I'm currently selling my house . I got a letter from my solicitor today to say I have to get a certificate of discharge from capital gains tax as I sold my house for over €500k.

To get this document will cost me €200 plus vat.

Whats this document for and why is it so expensive?


----------



## ClubMan (5 Apr 2006)

Are you sure it's not [broken link removed]?


----------



## agencydude (5 Apr 2006)

Hi Clubman,
Thanks for reply. The solicitor definitely said 'capital gains tax' in the  letter.

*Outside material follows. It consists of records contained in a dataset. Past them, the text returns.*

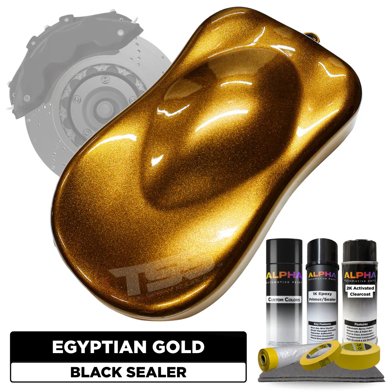 This Brake Caliper Paint Kit includes everything you need to paint your brake calipers Egyptian Gold. From the primer, basecoat, and topcoats to the optional prep and masking materials – each item has been specially put together for you in one all-inclusive bundle. You simply choose the desired color, project type, finish (Matte, Satin or Gloss), and optional add-ons. Then we handle the rest. Doesn’t get easier than this!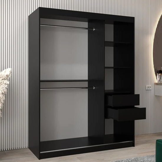 Upgrade your bedroom with the CHOICEWARDROBE Tavira 150cm Black Mirrored Sliding Door Wardrobe — a bold statement of elegance, modern design, and intelligent storage. Its matte black finish delivers a sophisticated contrast, while the full-length mirrored doors enhance light and depth in any space.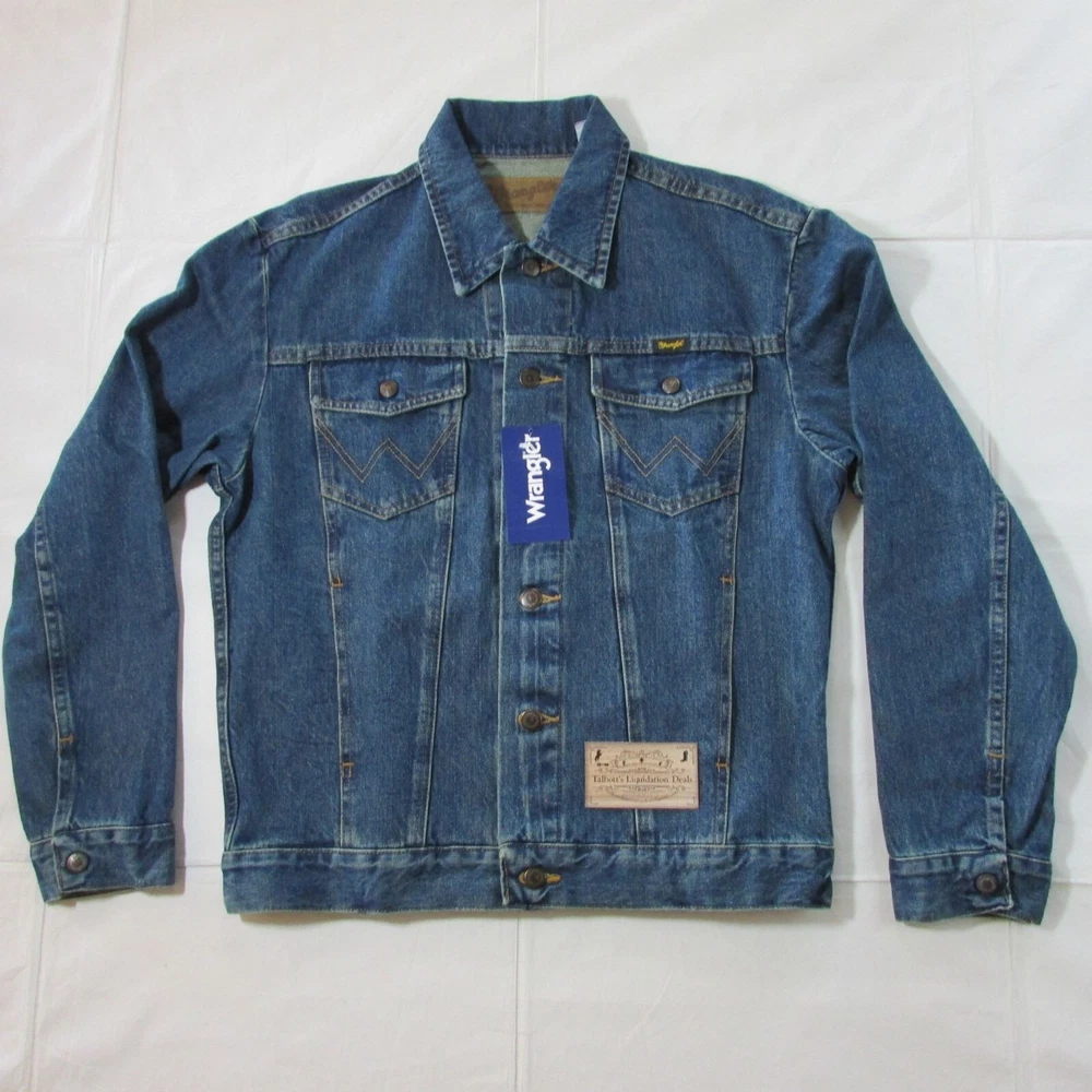 Brand new with tags Men's SIze Brand: Wrangler Color: Mid Wash Blue Long Sleeve Cowboy Cut Denim Trucker Jean Jacket Approx Measurements: Laying Flat (Pit to pit x Length) Small - 21.5" x 25" Medium - 22.5" x 26" XXL - 27.5" x 27"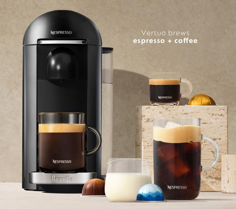 Brew your favorite cup of coffee or espresso effortlessly with the Nespresso VertuoPlus Deluxe Coffee Maker by Breville. With its versatile brewing options and included Aeroccino 3 milk frother, you can craft delicious cappuccinos and lattes in the comfort of your home. Elevate your coffee experience anytime, with convenience and style. From Breville.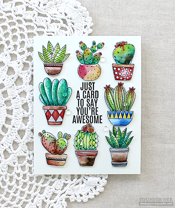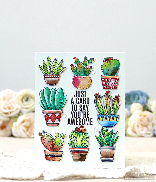 I coloured 8 adorable succulents with Hero Arts Watercolor Wheel, and then fussy cut them.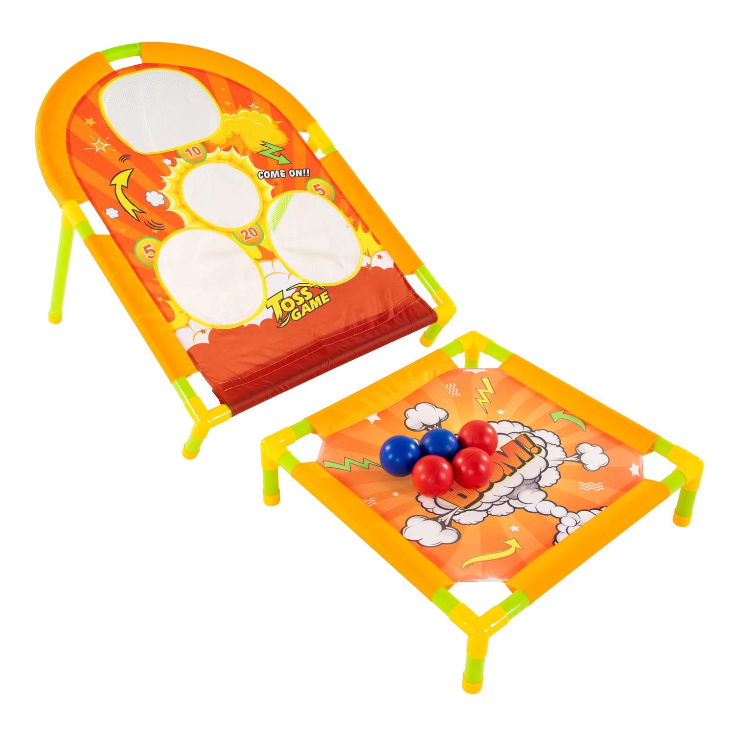 Dit werpspel met balletjes is een leuk, klassiek spel voor alle leeftijden! Gooi de balletjes op de trampoline om ze vervolgens in de zakjes van het kleurrijke scorebord te laten stuiteren om punten te scoren. Speel alleen of in teams! Durf jij de uitdaging aan? De set bevat 4 balletjes, een scorebord en een trampoline. Het werpspel is gemaakt van stevig kunststof. Geschikt vanaf 3 jaar.

I'll have to ask them is this what they really mean.

cheers


----------



## ClubMan (5 Apr 2006)

I remember my mother having to obtain a certificate of clearance for Capital Taxes (which I presume covers _Capital Gains _and _Capital Acquisition Tax _including _Gift Tax _and _Inheritance Tax_) from the _Capital Taxes Division of Revenue _in _Dublin Castle _if I recall correctly) in relation to my father's estate after he died. Perhaps it's a general capital taxes clearance cert to show that nothing is owed? Not sure why a house sale price of €500K. Your solicitor really should be able to explain this better to you.


----------



## xeresod (6 Apr 2006)

agencydude said:
			
		

> I'm currently selling my house . I got a letter from my solicitor today to say I have to get a certificate of discharge from capital gains tax as I sold my house for over €500k.
> 
> To get this document will cost me €200 plus vat.
> 
> Whats this document for and why is it so expensive?


 
Sounds like it may be CG50A tax clearance certificate which is required when a person is disposing of an asset where the consideration exceeds €500,000 or else 15% of the sale price will be withheld and passed onto Revenue.

Basically, you give details of the asset on Form CG50 citing one of the following conditions;

The person making the disposal is Resident in the State 
No Capital Gains Tax is payable in respect of the disposal
The Capital Gains Tax Liability has been paid

Which in your case would be condition 1. You still need to submit your CGT return and payment as normal but this certificate will prevent 15% of the full sale price being withheld. 

Here is the form [broken link removed]. See pages 27 & 28 of this guide for more information http://www.revenue.ie/leaflets/cgt1.pdf.

Note, _*there is no charge for this*_, you just submit the fully completed form along with a copy of the contract of sale to your normal Revenue office and receive the certificate back from them by post. The charge of €200 must be what your solicitor is going to charge you for this relatively simple issue, which you could easily do yourself.



			
				ClubMan said:
			
		

> Not sure why a house sale price of €500K.


 
This is standard and applies to all assets over that threshold including peoples PPR's (in which case condition 2 above applies). Up until a couple of years ago it used to be €250,000 but Revenue were getting so many applications for the clearance certificate just from the sale of PPR's that the threshold was increased, but seeing what house prices are at now it really needs to be incresed again!


----------



## ClubMan (6 Apr 2006)

Thanks _xeresod_.


----------



## agencydude (6 Apr 2006)

Thanks very much _xeresod_.

Can you confirm if the copy of the sales contract has to be fully signed when sending it into revenue??


----------